* [Instructions for the task] In the copy, include every entry exactly but none of the images.
── Source material
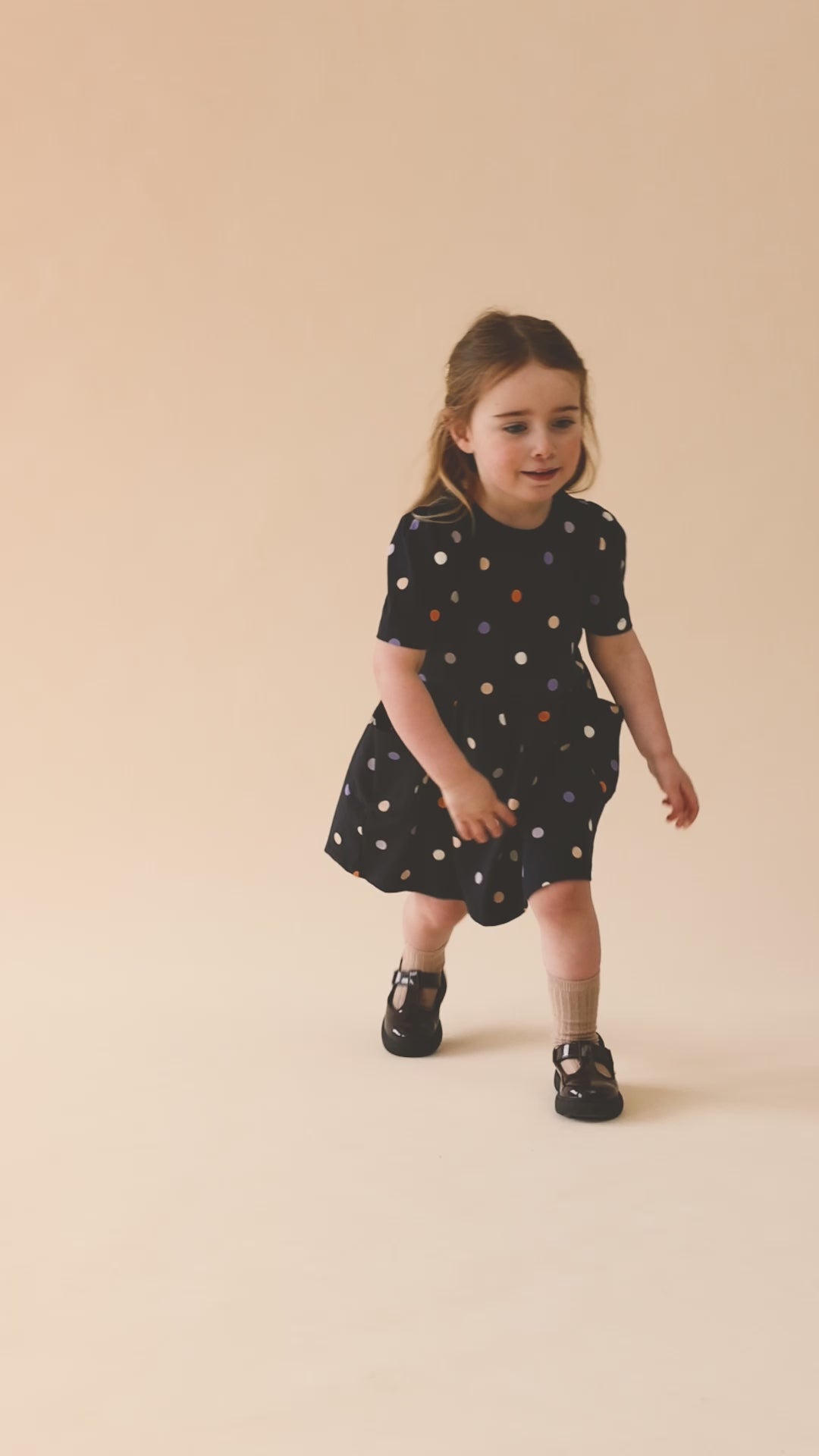 Vestido de niña de manga corta de cuello redondo cortado en la cintura acabado en volantes.
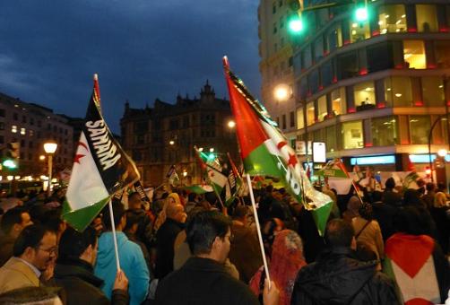 Convocada por la diáspora saharaui en Bizkaia y en colaboración con la delegación saharaui en Euskadi se cientos de personas tomaron parte en la manifestación en solidaridad con los presos políticos saharauis de Gdeim Izik y en repudio a las condenas llevadas acabo por las autoridades Marroquíes, que son contrarias a las leyes internacionales.
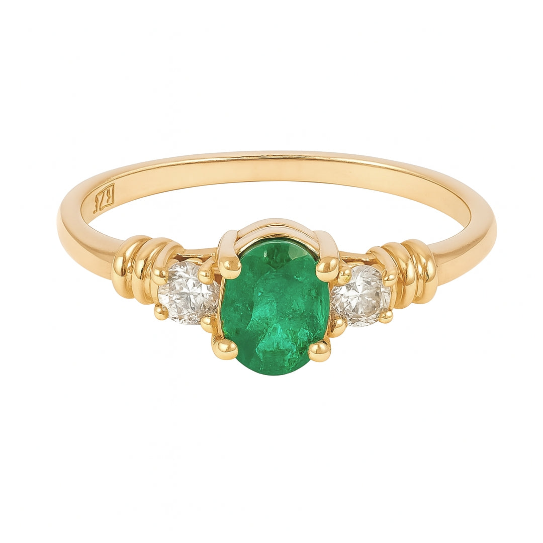 Crafted in warm 9K yellow gold, this elegant ring showcases a vivid oval-cut natural emerald, securely nestled in a classic four-claw setting. Flanking the emerald are two brilliant-cut diamonds, each weighing approximately 0.05ct, graded SI3 clarity and JKL colour, offering a soft sparkle that complements the emerald’s lush green hue.
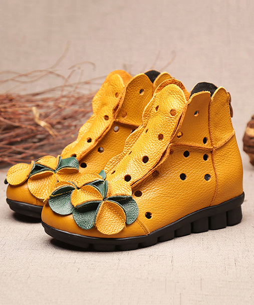 Black Hollow Out Boots Cowhide Leather Comfy Splicing Floral RD029
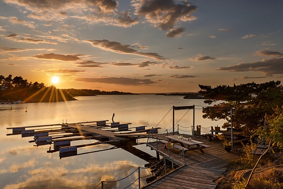 Båtplass og nydelige solnedganger fra felles brygge.
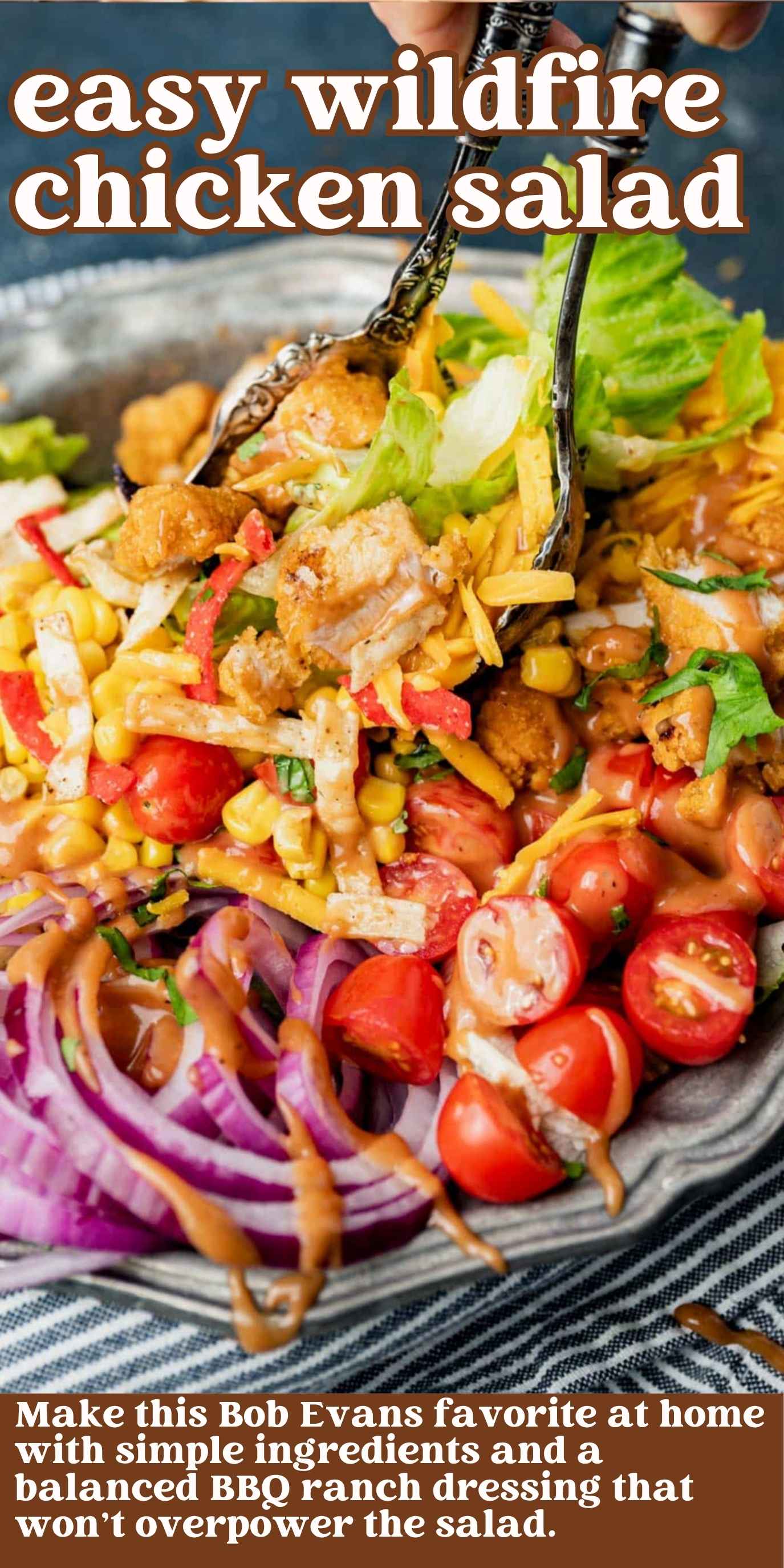 Wildfire chicken salad is a loaded dinner salad made popular by Bob Evans. It combines lettuce, chicken, corn, cheese, tomatoes, onion, and crunchy tortilla strips, all topped with a creamy barbecue ranch dressing.
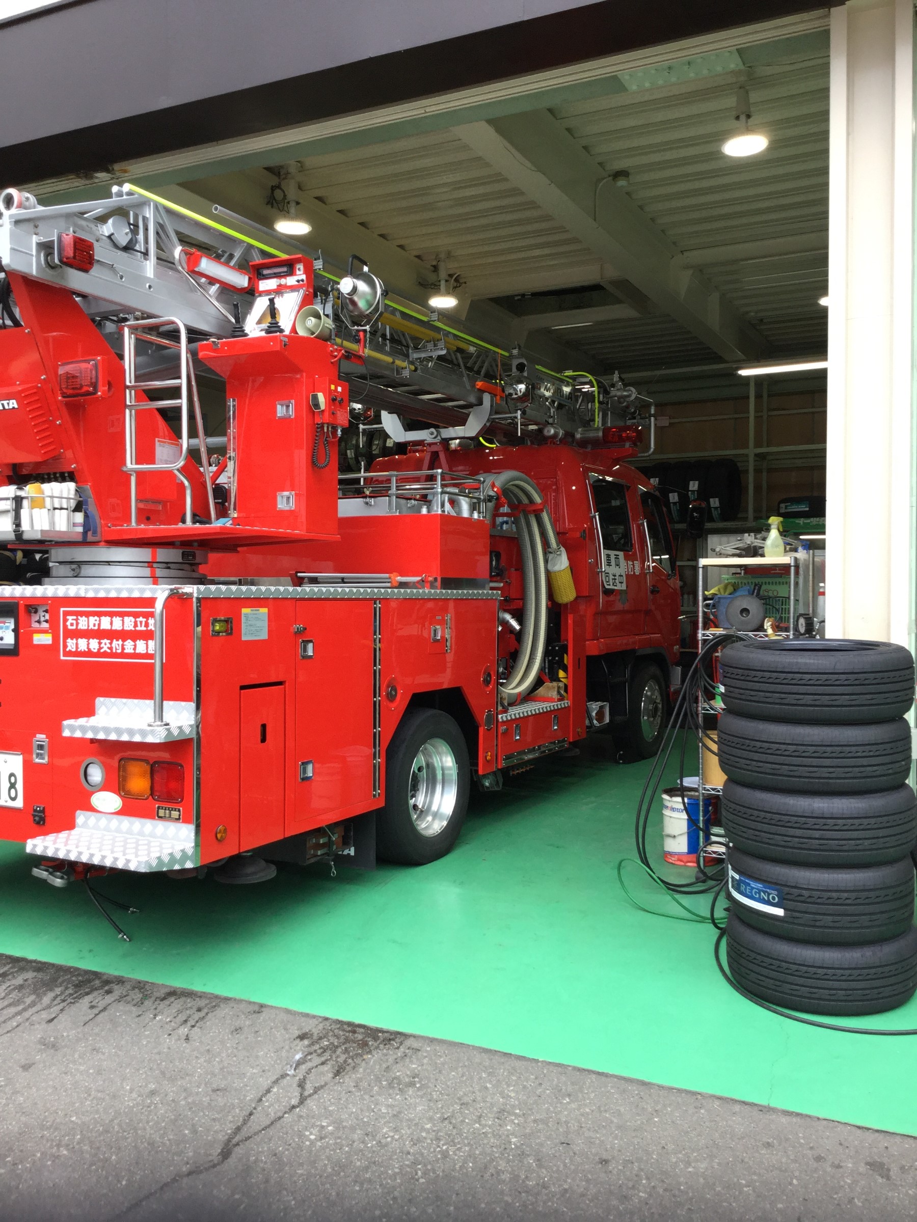 先日、街の安全の為に日々頑張ってる消防車のタイヤ交換をさせていただきました!
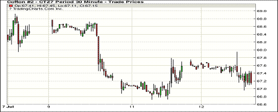 因USDA月度報告上調(diào)全球產(chǎn)量,紐約期棉周三小幅收跌;1707合約收于67.27美分/磅,跌40點;1712合約收于66.94美分/磅,跌33點。當日紐約期棉在USDA月度報告發(fā)布后走低,12月合約收盤前在當日交投區(qū)間底部震蕩,最終收跌。7月USDA月報下調(diào)2017/18年度美棉產(chǎn)量預估20萬包,至1900萬包,但2017/18世界產(chǎn)量上調(diào)至1.15億包,其中主要增增的國家是印度和土耳其,巴基斯坦和墨西哥產(chǎn)量調(diào)減。
────
* [Task solution]
 Vestido de niña de manga corta de cuello redondo cortado en la cintura acabado en volantes.
 Convocada por la diáspora saharaui en Bizkaia y en colaboración con la delegación saharaui en Euskadi se cientos de personas tomaron parte en la manifestación en solidaridad con los presos políticos saharauis de Gdeim Izik y en repudio a las condenas llevadas acabo por las autoridades Marroquíes, que son contrarias a las leyes internacionales.
 Crafted in warm 9K yellow gold, this elegant ring showcases a vivid oval-cut natural emerald, securely nestled in a classic four-claw setting. Flanking the emerald are two brilliant-cut diamonds, each weighing approximately 0.05ct, graded SI3 clarity and JKL colour, offering a soft sparkle that complements the emerald’s lush green hue.
 Black Hollow Out Boots Cowhide Leather Comfy Splicing Floral RD029
 Båtplass og nydelige solnedganger fra felles brygge.
 Wildfire chicken salad is a loaded dinner salad made popular by Bob Evans. It combines lettuce, chicken, corn, cheese, tomatoes, onion, and crunchy tortilla strips, all topped with a creamy barbecue ranch dressing.
 先日、街の安全の為に日々頑張ってる消防車のタイヤ交換をさせていただきました!
 因USDA月度報告上調(diào)全球產(chǎn)量,紐約期棉周三小幅收跌;1707合約收于67.27美分/磅,跌40點;1712合約收于66.94美分/磅,跌33點。當日紐約期棉在USDA月度報告發(fā)布后走低,12月合約收盤前在當日交投區(qū)間底部震蕩,最終收跌。7月USDA月報下調(diào)2017/18年度美棉產(chǎn)量預估20萬包,至1900萬包,但2017/18世界產(chǎn)量上調(diào)至1.15億包,其中主要增增的國家是印度和土耳其,巴基斯坦和墨西哥產(chǎn)量調(diào)減。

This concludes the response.